The on-surface saponification proved to be effective to depolymerize the cutin to obtain qualitative analysis of cuticular constituents. Comparison with direct analysis without prior depolymerization showed that (i) depolymerization was effective to break down the cutin polymers into their monomeric constituents, (ii) the signal of other compounds was suppressed, probably due to competitive ionization and degradation. For these reasons, it would be beneficial to analyze the petal cuticle via LESA-HRMS analysis both with and without prior depolymerization in order to obtain a more complete picture of the surface composition. The depolymerization step proposed here is compatible with the Triversa NanoMate and could potentially be incorporated into an automated procedure, which is currently not possible due to software limitations.

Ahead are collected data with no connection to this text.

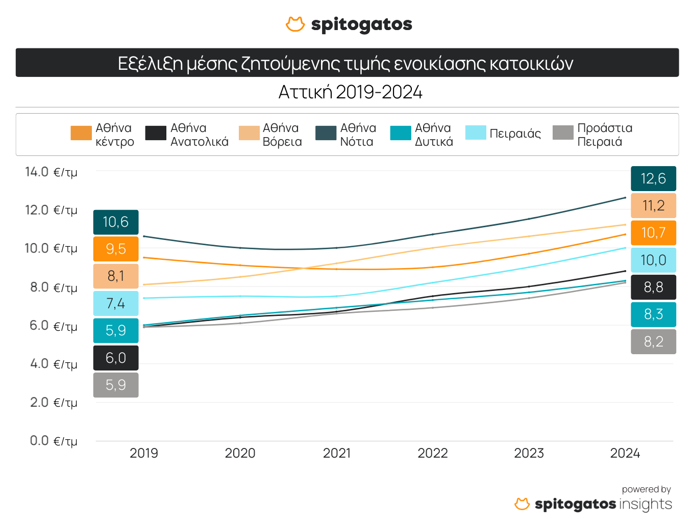 Την πρώτη θέση στην αύξηση τιμών την περίοδο 2019 – 2024 καταλαμβάνουν τα Ανατολικά Προάστια της Αθήνας, όπου οι μέσες ζητούμενες τιμές ενοικίασης σημείωσαν θεαματική άνοδο 49,7%. Ακολουθούν τα Προάστια του Πειραιά με αύξηση 40,1%, ενώ στην τρίτη θέση βρίσκονται τα Δυτικά Προάστια της Αθήνας, όπου οι τιμές αυξήθηκαν κατά 38,8%.
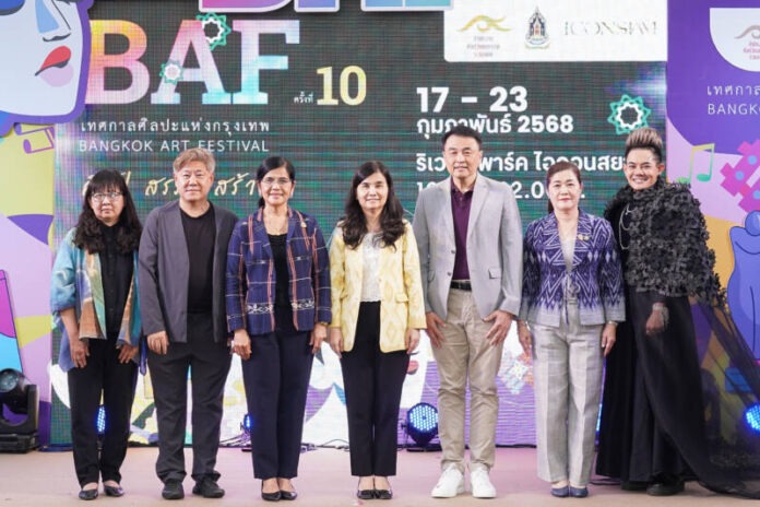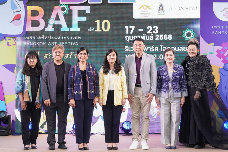 ยุถิกา อิศรางกูร ณ อยุธยา รองปลัดกระทรวงวัฒนธรรม เป็นประธานเปิดเทศกาลศิลปะแห่งกรุงเทพ Bangkok Art Festival (BAF) ครั้งที่ 10 เพื่อยกระดับงานศิลปะร่วมสมัย ศิลปินและนักออกแบบไทย อาทิ ศิลปินศิลปาธร ศิลปินร่วมสมัย นักออกแบบผลิตภัณฑ์สร้างสรรค์ เครือข่ายด้านศิลปวัฒนธรรมร่วมสมัยทั่วประเทศ เพื่อเปิดโอกาสให้บุคลากรสร้างสรรค์มีพื้นที่ในการเผยแพร่ จัดแสดง และจำหน่ายผลงานของตนเอง เพื่อส่งเสริมอัตลักษณ์ไทยและความเป็นไทย พัฒนาความคิดสร้างสรรค์ และสนับสนุนให้คนไทยสามารถนำทุนทางวัฒนธรรมมาสร้างรายได้ และต่อยอดสู่เวทีนานาชาติต่อไปได้ โดยภายในงานพบกับกิจกรรมการสาธิตงานศิลปะร่วมสมัย (Workshop) การแสดงจากคณะนักแสดงศิลปะร่วมสมัย สาขาศิลปะการแสดง ประยุกต์ศิลป์ นาฏศิลป์ และคณะดนตรี พร้อมทั้งมีการจำหน่ายสินค้าจากเครือข่ายมากมายระหว่างวันที่ 17-23 กุมภาพันธ์ 2568 โดยมีเกษร กำเหนิดเพ็ชร, ไพรัช วิเศษศิริลักษณ์, วราพรรณ ชัยชนะศิริ, ศิริศักดิ์ คชพัชรินทร์, กาญจนา ตุ้มกลีบ, ธชย ประทุมวรรณ ร่วมงาน ณ ริเวอร์ พาร์ค ไอคอนสยาม
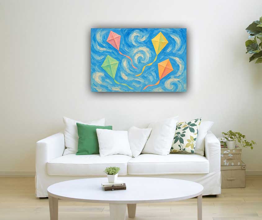 Bring home the Flying Kites Painting, a Vastu-inspired wall art for the west direction that enhances creativity, imagination, and innovation. Perfect for modern interiors, this canvas artwork radiates positivity and inspiration.
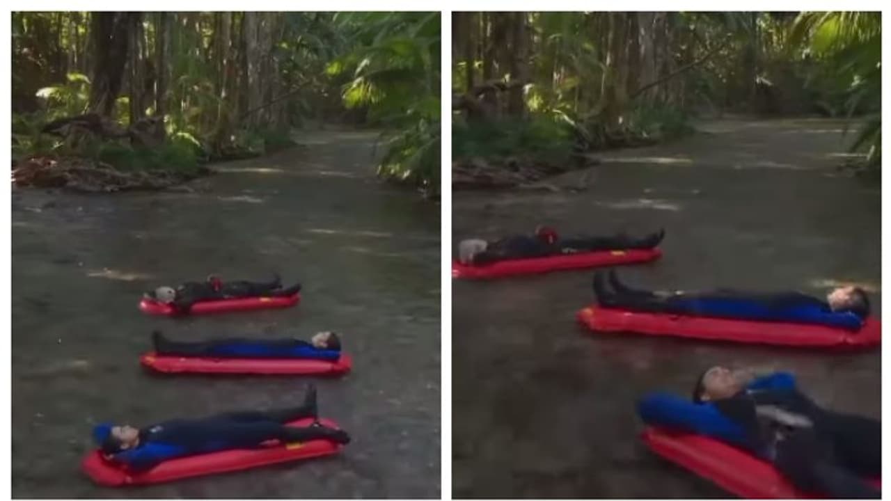 നിറയെ മരങ്ങള് നിറഞ്ഞ അവിടെയും ഇവിടെയും മാത്രം സൂര്യപ്രകാരം വീഴുന്ന ഒരു കാട്ടരുവിലിയൂടെ സ്ലിപിംഗ് ബാഗുകളില് കിടന്ന് ഒഴുകിപ്പോകുന്ന മൂന്ന് പേരുടെ കാഴ്ച ആളുകള് ഇരുകൈയും നീട്ടി സൂക്ഷിച്ചു.
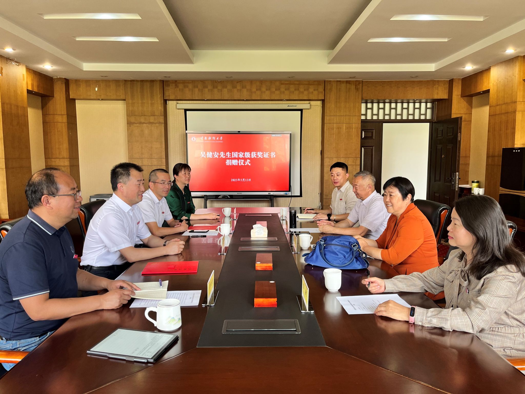 2025年5月13日下午,吴健安先生国家级教学成果奖获奖证书捐赠仪式在致远楼402会议室举行。吴健安先生之女吴玲女士将其父2005年荣获的国家级教学成果奖证书(获奖成果:市场营销学课程立体化教材建设)捐赠学校。校党委委员、副校长余怒涛,校党委委员、宣传部部长寸丽锋,商学院党委书记王敏,商学院教授聂元昆,评估中心副主任崔海浪,档案馆馆长吴红刚,副馆长王志梅等出席仪式。

The fast and spatially resolved depolymerization approach presented here, that selectively targets only the surface, allowed detection of a set of cuticular compounds that were not otherwise accessible without a depolymerization step. The effect of the depolymerization was more pronounced for the ridged/proximal portion of the petal, which has a thicker cuticle and is richer in epicuticular waxes compared with the smooth/distal portion. Our results are consistent with previous studies that showed that the composition of the plant cuticle can be chemically and morphologically heterogeneous even between different regions of the same petal.[13,31] Further experiments are necessary to establish whether there is a link between chemical composition of the cuticle and patterning differences of plant surfaces.